The story of the 22.7 km Delhi airport Metro line, a project which Reliance Infrastructure’s subsidiary Delhi Airport Metro Express Private Ltd (DAMEPL), washed its hands off a month ago with great difficulty. Both the parents — the Delhi Metro Rail Corporation (DMRC), which built the civil structure and spent over half of the Rs 5,700-crore project cost and DAMEPL, which had brought in the rolling stock and accepted to run it for 30 years — are unwilling to operate the Metro rail service as they found the returns on their investments were not up to their expectations.

These are facts that needs to be reflected upon and lessons need to be learnt, more so, because the Government is pushing for many more such projects. The private players come in not just for profits, but for super profits as also instant profits. They would not wait for the long gestation period, the railways projects takes.

There are fears that FDI would be inducted into existing activities for instance the electric loco sheds at Kazipet and Ludhiana. The FDI eyes on existing coaches, loco manufacturing and maintenance units which tantamount to take over of those activities by private players.

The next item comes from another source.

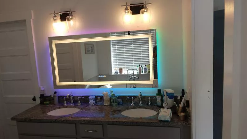 From the moment I laid eyes on this LED vanity mirror, I knew my bathroom was about to undergo a transformation reminiscent of a high-end spa retreat. The installation process was unbelievably straightforward, a fact that surprised and delighted me in equal measure. Guided by clear instructions, I was able to set it up without the need for professional help, a testament to its user-friendly design. But what truly sets this mirror apart is its dual lighting feature, incorporating both RGB backlighting and front lighting. This ingenious combination ensures that every corner of my face is illuminated without shadows, making my daily grooming rituals a pleasure rather than a chore. The ability to adjust the brightness with just a simple touch adds a layer of sophistication and convenience that I never knew I needed. Whether I'm applying makeup or simply admiring my reflection, the ambiance created by the adjustable lighting is nothing short of magical. The anti-fog feature, however, is the cherry on top. Gone are the days of waiting for the mirror to clear after a hot shower. Now, I can step out and immediately continue with my routine, uninterrupted. It's not just a mirror; it's a game-changer that enhances the quality of my daily life. In summary, this LED vanity mirror is not merely a tool for reflection. It's an upgrade to my bathroom that brings joy and convenience to my everyday routine. Its blend of aesthetic appeal, technological innovation, and practical functionality makes it an indispensable part of my home.

To take recourse to PPP and FDI would mean cost escalation with the burden passed on to the freight and travel customers. Indian Railways is a proud transporter for common man. It should not be converted into a costly system and get out of reach for the common folk. The Mumbai Metropolitan Region Development Authority (MMRDA) charged Reliance Infrastructure (R-Infra)-led Mumbai Metro One Private Limited (MMOPL) for violation of the agreement on fare structure. It was agreed to fix Rs 9, Rs 11, Rs 13 whereas the MMOPL fixed Rs 10, Rs 20, Rs 30, Rs 40 instead, which is a huge increase. Even now, the British Rail cancels train services from London, when there assured passengers do not board!

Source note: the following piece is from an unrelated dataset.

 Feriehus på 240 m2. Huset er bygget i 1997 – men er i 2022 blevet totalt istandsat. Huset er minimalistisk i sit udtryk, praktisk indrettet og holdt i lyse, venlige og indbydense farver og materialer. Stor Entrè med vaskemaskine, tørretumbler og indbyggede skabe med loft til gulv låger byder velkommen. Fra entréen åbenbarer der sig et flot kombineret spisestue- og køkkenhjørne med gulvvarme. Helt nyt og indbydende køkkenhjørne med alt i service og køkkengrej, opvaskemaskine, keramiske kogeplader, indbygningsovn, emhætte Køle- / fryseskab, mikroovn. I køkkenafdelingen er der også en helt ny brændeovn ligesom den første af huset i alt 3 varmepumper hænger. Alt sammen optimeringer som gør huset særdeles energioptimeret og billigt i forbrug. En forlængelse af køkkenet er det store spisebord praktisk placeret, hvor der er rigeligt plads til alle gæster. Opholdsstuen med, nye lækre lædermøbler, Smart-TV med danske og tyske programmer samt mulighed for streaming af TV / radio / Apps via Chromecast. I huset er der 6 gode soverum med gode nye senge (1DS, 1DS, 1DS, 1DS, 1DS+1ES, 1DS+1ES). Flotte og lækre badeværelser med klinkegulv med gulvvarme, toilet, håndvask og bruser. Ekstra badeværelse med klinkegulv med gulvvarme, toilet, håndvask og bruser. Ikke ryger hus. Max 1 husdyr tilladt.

Much is said of high operation ratios in railways. The productivity has increased five times over the last twenty years. Even the proportion of wages to the expenditure has come down. Though all these were done by lot of squeezing. Employees are made to work far above eight hours period. Twelve hours working in several activities still exists. The running staff, which is the prime movers of the trains, work up to 16-20 hours is a common feature. The coaching running staff virtually works every day! This also affects the safety due to fatigue. Two lakh vacancies exist today. Such a position was reflected in the Anil Kakodkar report, which then recommended to fill up all the vacancies in a 6-month period.

Everyone talks of treating the Indian Railways as infrastructure. The Unions have therefore suggested that huge investment should be forthcoming from the government itself. In China, the government pumps in billions of money into the railways and directs its expansion. Our leaders have pointed out that over Rs 2 lakh crore non-performing assets are due from big corporates. Every year more that Rs 5.5 lakh crore relief are granted to the big business. Loans can be taken from certain cash rich PSUs. The government should find resources through such sources and go for big ticket investment in railways. The railways can thus become a catalyst for engine of growth.